Every line of the data is to be reproduced exactly.
==========
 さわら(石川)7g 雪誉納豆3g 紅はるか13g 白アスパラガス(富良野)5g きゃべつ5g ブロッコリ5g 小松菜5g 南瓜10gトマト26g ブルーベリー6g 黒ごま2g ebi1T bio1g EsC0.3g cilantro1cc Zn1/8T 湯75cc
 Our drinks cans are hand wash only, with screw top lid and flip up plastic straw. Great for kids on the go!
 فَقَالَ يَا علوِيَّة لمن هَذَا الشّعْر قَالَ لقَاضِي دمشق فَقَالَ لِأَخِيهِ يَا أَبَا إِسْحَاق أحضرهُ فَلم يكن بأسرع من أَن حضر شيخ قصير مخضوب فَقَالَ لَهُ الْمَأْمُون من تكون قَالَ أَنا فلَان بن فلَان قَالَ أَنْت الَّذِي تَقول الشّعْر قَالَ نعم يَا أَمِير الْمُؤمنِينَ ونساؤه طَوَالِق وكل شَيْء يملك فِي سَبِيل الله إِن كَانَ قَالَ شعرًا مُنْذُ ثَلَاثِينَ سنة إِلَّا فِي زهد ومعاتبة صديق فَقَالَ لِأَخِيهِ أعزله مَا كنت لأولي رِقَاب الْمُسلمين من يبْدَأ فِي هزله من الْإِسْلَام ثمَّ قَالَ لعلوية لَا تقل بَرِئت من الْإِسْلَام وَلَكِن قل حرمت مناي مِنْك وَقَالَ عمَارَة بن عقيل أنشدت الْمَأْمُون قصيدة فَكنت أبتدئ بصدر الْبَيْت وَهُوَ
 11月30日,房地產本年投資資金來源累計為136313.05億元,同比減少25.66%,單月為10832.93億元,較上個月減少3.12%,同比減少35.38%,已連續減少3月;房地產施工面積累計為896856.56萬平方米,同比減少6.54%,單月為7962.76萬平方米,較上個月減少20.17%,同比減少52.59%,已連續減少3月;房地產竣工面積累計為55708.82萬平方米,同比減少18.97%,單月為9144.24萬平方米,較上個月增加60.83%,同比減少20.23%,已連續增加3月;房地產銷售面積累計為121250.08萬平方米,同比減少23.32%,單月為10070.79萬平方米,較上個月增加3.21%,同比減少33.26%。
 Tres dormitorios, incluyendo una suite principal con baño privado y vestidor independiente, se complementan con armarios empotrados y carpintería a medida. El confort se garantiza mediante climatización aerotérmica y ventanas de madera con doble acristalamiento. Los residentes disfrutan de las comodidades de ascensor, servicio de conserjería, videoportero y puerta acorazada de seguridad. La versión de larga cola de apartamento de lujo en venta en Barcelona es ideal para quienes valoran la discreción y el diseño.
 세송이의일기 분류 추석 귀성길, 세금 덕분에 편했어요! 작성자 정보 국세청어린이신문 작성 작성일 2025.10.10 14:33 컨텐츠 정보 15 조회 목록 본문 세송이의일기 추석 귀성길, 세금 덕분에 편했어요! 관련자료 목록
==========
- [THE COMPLETED TASK]:
 さわら(石川)7g 雪誉納豆3g 紅はるか13g 白アスパラガス(富良野)5g きゃべつ5g ブロッコリ5g 小松菜5g 南瓜10gトマト26g ブルーベリー6g 黒ごま2g ebi1T bio1g EsC0.3g cilantro1cc Zn1/8T 湯75cc
 Our drinks cans are hand wash only, with screw top lid and flip up plastic straw. Great for kids on the go!
 فَقَالَ يَا علوِيَّة لمن هَذَا الشّعْر قَالَ لقَاضِي دمشق فَقَالَ لِأَخِيهِ يَا أَبَا إِسْحَاق أحضرهُ فَلم يكن بأسرع من أَن حضر شيخ قصير مخضوب فَقَالَ لَهُ الْمَأْمُون من تكون قَالَ أَنا فلَان بن فلَان قَالَ أَنْت الَّذِي تَقول الشّعْر قَالَ نعم يَا أَمِير الْمُؤمنِينَ ونساؤه طَوَالِق وكل شَيْء يملك فِي سَبِيل الله إِن كَانَ قَالَ شعرًا مُنْذُ ثَلَاثِينَ سنة إِلَّا فِي زهد ومعاتبة صديق فَقَالَ لِأَخِيهِ أعزله مَا كنت لأولي رِقَاب الْمُسلمين من يبْدَأ فِي هزله من الْإِسْلَام ثمَّ قَالَ لعلوية لَا تقل بَرِئت من الْإِسْلَام وَلَكِن قل حرمت مناي مِنْك وَقَالَ عمَارَة بن عقيل أنشدت الْمَأْمُون قصيدة فَكنت أبتدئ بصدر الْبَيْت وَهُوَ
 11月30日,房地產本年投資資金來源累計為136313.05億元,同比減少25.66%,單月為10832.93億元,較上個月減少3.12%,同比減少35.38%,已連續減少3月;房地產施工面積累計為896856.56萬平方米,同比減少6.54%,單月為7962.76萬平方米,較上個月減少20.17%,同比減少52.59%,已連續減少3月;房地產竣工面積累計為55708.82萬平方米,同比減少18.97%,單月為9144.24萬平方米,較上個月增加60.83%,同比減少20.23%,已連續增加3月;房地產銷售面積累計為121250.08萬平方米,同比減少23.32%,單月為10070.79萬平方米,較上個月增加3.21%,同比減少33.26%。
 Tres dormitorios, incluyendo una suite principal con baño privado y vestidor independiente, se complementan con armarios empotrados y carpintería a medida. El confort se garantiza mediante climatización aerotérmica y ventanas de madera con doble acristalamiento. Los residentes disfrutan de las comodidades de ascensor, servicio de conserjería, videoportero y puerta acorazada de seguridad. La versión de larga cola de apartamento de lujo en venta en Barcelona es ideal para quienes valoran la discreción y el diseño.
 세송이의일기 분류 추석 귀성길, 세금 덕분에 편했어요! 작성자 정보 국세청어린이신문 작성 작성일 2025.10.10 14:33 컨텐츠 정보 15 조회 목록 본문 세송이의일기 추석 귀성길, 세금 덕분에 편했어요! 관련자료 목록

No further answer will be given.